Homework Assignment: Demand for Money

 

(The attached PDF file has better formatting.)

 

This homework assignment derives the demand for money by maximizing a person’s net wealth from transaction costs of bank withdrawals and the interest income on bonds. The scenario is simplistic. Real world scenarios are more complex, but the reasoning is the same.

 


           A person is paid $100,000 on January 1 by direct deposit into a savings account. The person does not have to visit the bank to deposit the money.

           The person spends $100,000 during the year.

           Interest of 10% per annum is paid on the money in the savings account.


 

 

Money is withdrawn from the savings account by a visit to a branch office of the bank, which takes half an hour. The person values time at $100 an hour, so the transaction costs of the bank visit are $50.

 

The person withdraws money N times a year. We find the value of N that maximizes the person’s wealth (minimizes transaction costs minus loss of interest).

 

We first examine several scenarios to show that N lies between 2 and 250. We compute the net cost if the person withdraws money from the savings account

 


 

           Once a year

           Twice a year.

           Every business day, or 250 times a year.

 

We then solve for withdrawals of N times a year, where N maximizes the person’s wealth, or minimizes the net cost of holding cash.


 

 


 

A.     If the person withdraws money once a year (on January 1), what are the annual transaction costs and the annual interest earned?

B.     We show that a single withdrawal is not optimal. If the person withdraws money twice a year – January 1 and July 1 – what are the annual transaction costs and the annual interest earned?

C.    Two many transactions are not optimal. If the person withdraws money 250 times a year, what are the annual transaction costs and the annual interest earned?

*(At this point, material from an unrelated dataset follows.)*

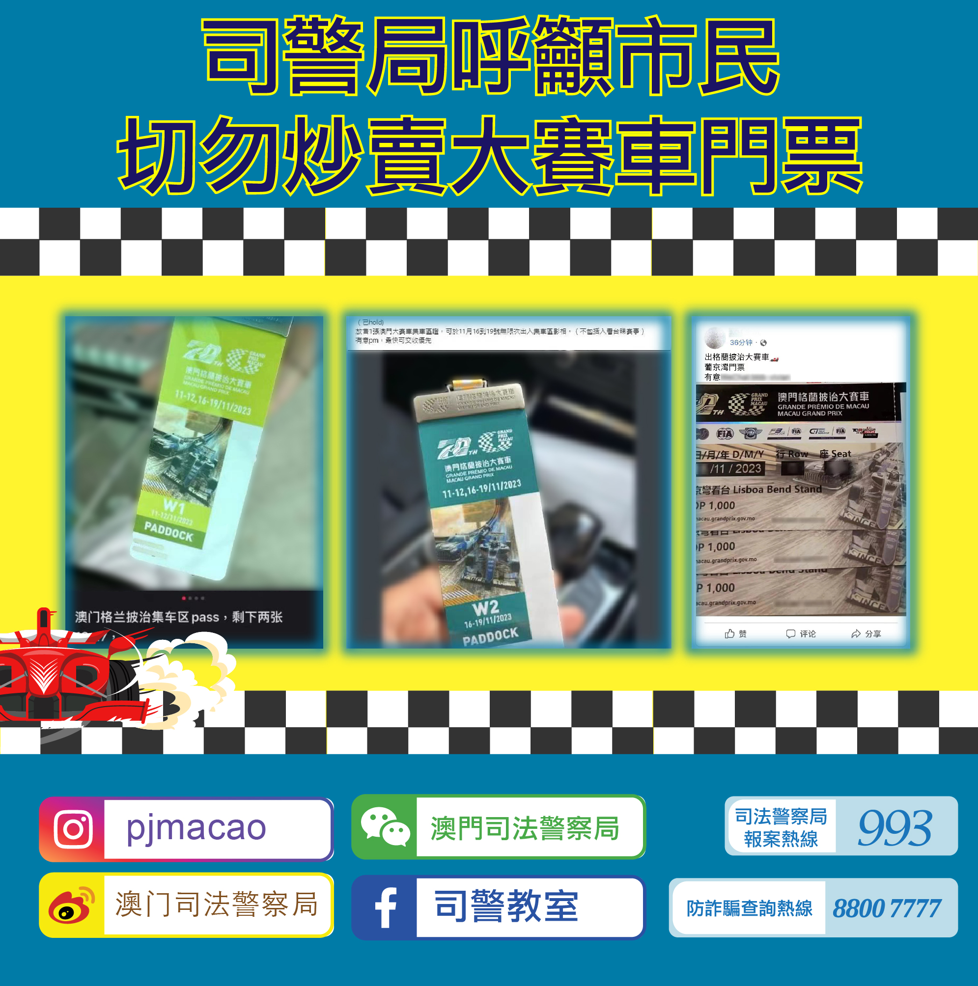 近日,司法警察局發現有人於網上社交平台炒賣第70屆澳門格蘭披治大賽車定價門票、大會贈券以及特許通行證。

D.    If the person withdraws money N times a year, what are the annual transaction costs and the annual interest earned? (Transaction costs = $100 × N, interest = (N-1)/(2N) × $100,000 × 10%)

 

For Part A, the person incurs a single transaction cost, but nothing is left in the savings account.

 

For Part B, the person incurs two transaction costs. Work out the average amount in the savings account during the year to determine the interest revenue. The person withdraws $50,000 on January 1 and $50,000 on July 1.

 

For Part C, you need not work out the exact answer. The transaction costs are 250 × $50. Estimate the interest if withdrawals are continuous. With continuous withdrawals, the average account balance is ½ × $100,000.

 

For Part D, the transaction costs are $50 × N. To compute the average account balance with N withdrawals, with the first on January 1, divide the year into N segments. N may be odd or even; the formula is the same.

 


 

           In segment 1, the account balance is (N-1)/N × $100,000.

           In segment 2, the account balance is (N-2)/N × $100,000.

                

           In segment (N-1), the account balance is 1/N × $100,000.

           In segment N, the account balance is 0/N × $100,000.


 

 

The segments all have the same length.

 


 

           The average account balance in segment 1 and segment N is ½ × (N-1)/N × $100,000.

           The average account balance in segment 2 and segment N-1 is ½ × (N-1)/N × $100,000.


 

 

We infer that the average account balance during the year is (N-1)/(2N) × $100,000.

 

We must maximize (½ – 1/2N )× $10,000 – $50N. This is the same as minimizng 5,000/N + 50N. Set the partial derivative with respect to N equal to zero.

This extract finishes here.